■ Task statement
The lines in the listing below are to be given again exactly, starting at the line holding "Le parc Hangang" and ending at the line holding "今年是中西全面戰略伙伴關系建". Do not include pictures.

■ Material for the task
-=-=-

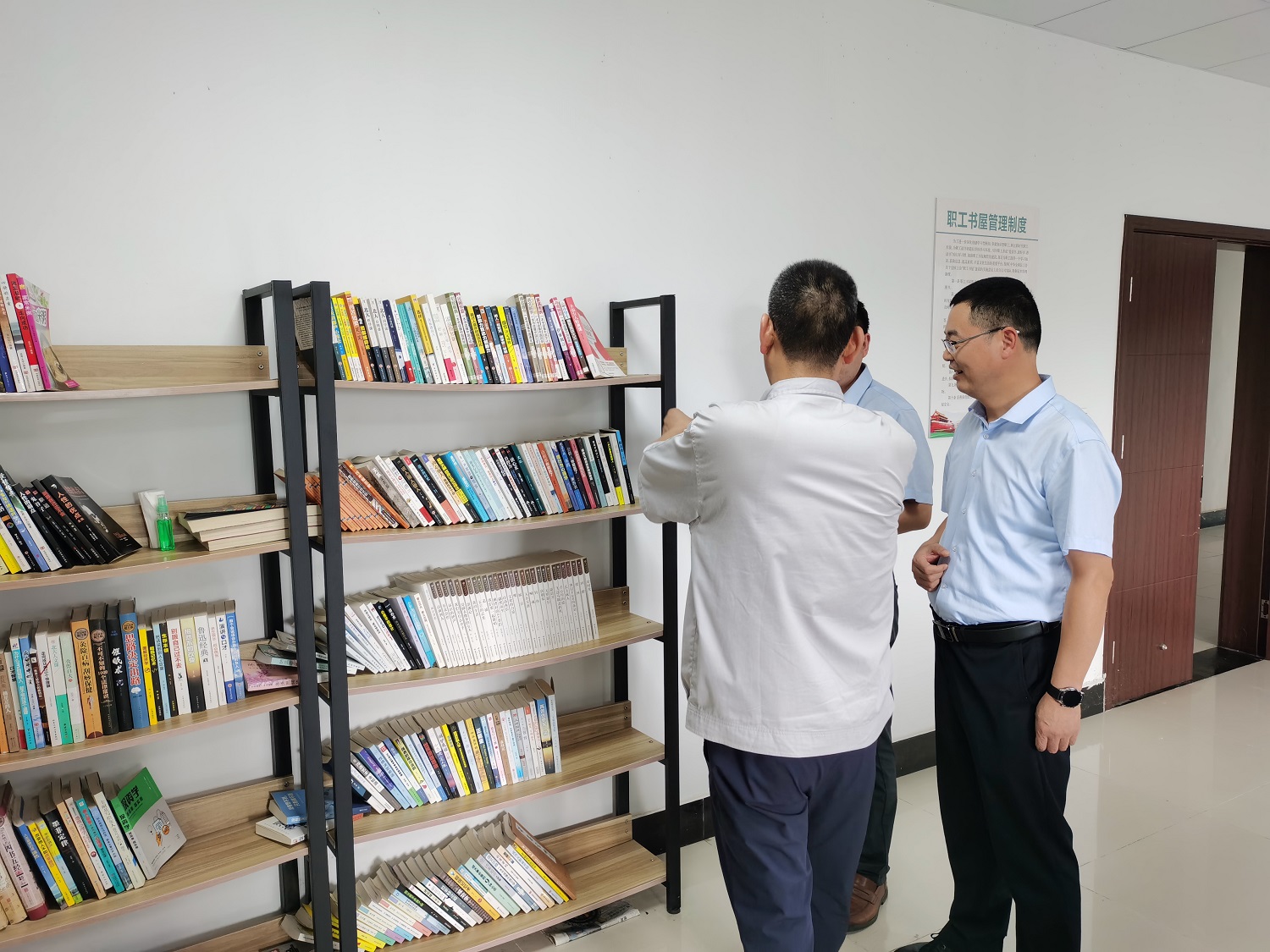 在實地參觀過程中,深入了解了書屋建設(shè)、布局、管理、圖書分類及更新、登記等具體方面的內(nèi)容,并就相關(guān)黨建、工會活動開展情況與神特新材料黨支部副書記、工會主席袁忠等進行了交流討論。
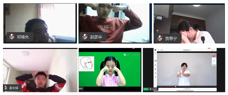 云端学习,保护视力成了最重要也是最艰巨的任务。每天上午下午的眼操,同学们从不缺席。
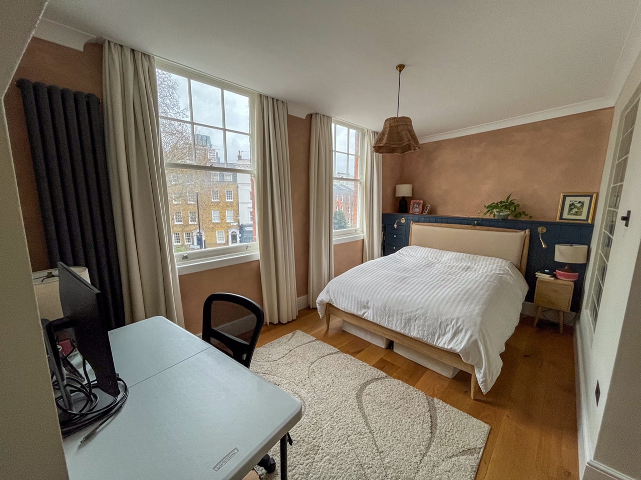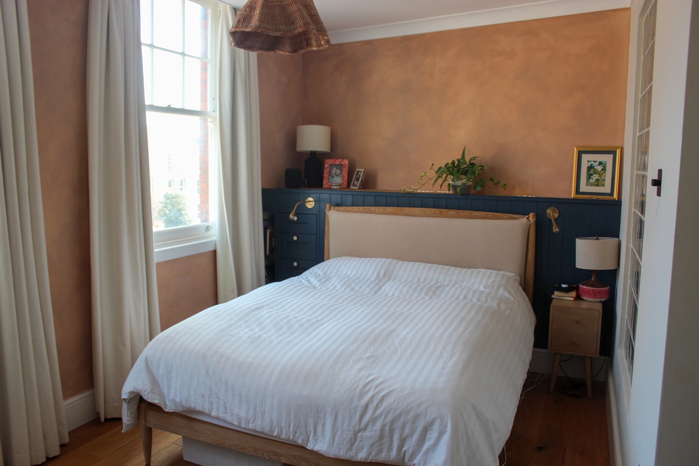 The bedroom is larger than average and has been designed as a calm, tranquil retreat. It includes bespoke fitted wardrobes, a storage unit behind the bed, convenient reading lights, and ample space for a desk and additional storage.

-=-=-

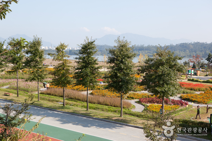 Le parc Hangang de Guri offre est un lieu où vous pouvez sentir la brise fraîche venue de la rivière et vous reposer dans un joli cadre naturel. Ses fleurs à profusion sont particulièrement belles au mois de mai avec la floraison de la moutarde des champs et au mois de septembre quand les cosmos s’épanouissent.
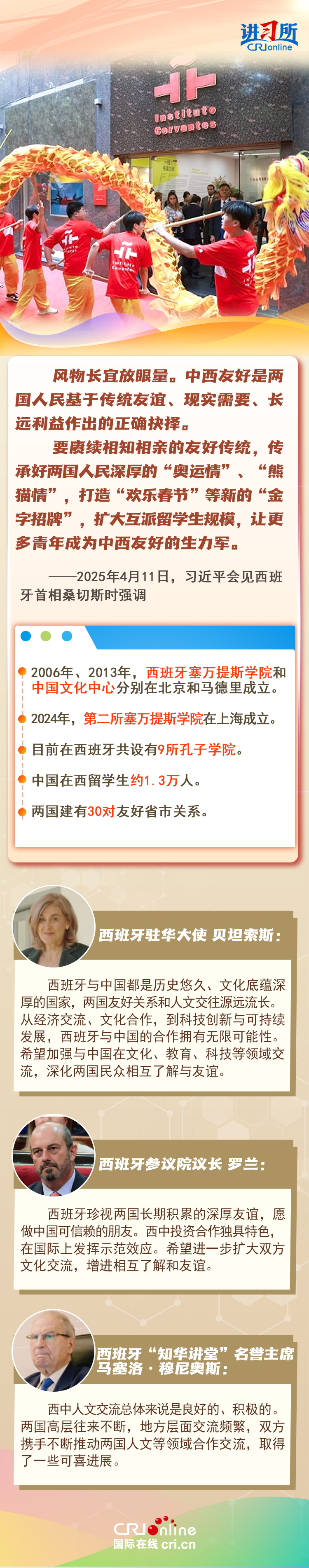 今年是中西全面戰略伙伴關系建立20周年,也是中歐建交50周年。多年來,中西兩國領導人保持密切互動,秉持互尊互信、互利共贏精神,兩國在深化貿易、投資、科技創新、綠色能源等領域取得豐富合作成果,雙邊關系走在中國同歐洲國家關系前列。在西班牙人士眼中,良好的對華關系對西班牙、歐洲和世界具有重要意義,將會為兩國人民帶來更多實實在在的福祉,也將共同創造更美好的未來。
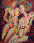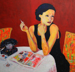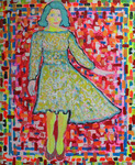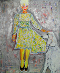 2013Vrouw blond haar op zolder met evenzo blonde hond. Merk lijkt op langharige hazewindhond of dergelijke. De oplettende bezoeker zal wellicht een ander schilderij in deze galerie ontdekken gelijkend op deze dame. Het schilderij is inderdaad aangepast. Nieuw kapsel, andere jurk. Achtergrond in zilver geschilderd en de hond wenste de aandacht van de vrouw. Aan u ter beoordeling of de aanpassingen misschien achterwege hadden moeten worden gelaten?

-=-=-

■ Problem solution
 Le parc Hangang de Guri offre est un lieu où vous pouvez sentir la brise fraîche venue de la rivière et vous reposer dans un joli cadre naturel. Ses fleurs à profusion sont particulièrement belles au mois de mai avec la floraison de la moutarde des champs et au mois de septembre quand les cosmos s’épanouissent.
 今年是中西全面戰略伙伴關系建立20周年,也是中歐建交50周年。多年來,中西兩國領導人保持密切互動,秉持互尊互信、互利共贏精神,兩國在深化貿易、投資、科技創新、綠色能源等領域取得豐富合作成果,雙邊關系走在中國同歐洲國家關系前列。在西班牙人士眼中,良好的對華關系對西班牙、歐洲和世界具有重要意義,將會為兩國人民帶來更多實實在在的福祉,也將共同創造更美好的未來。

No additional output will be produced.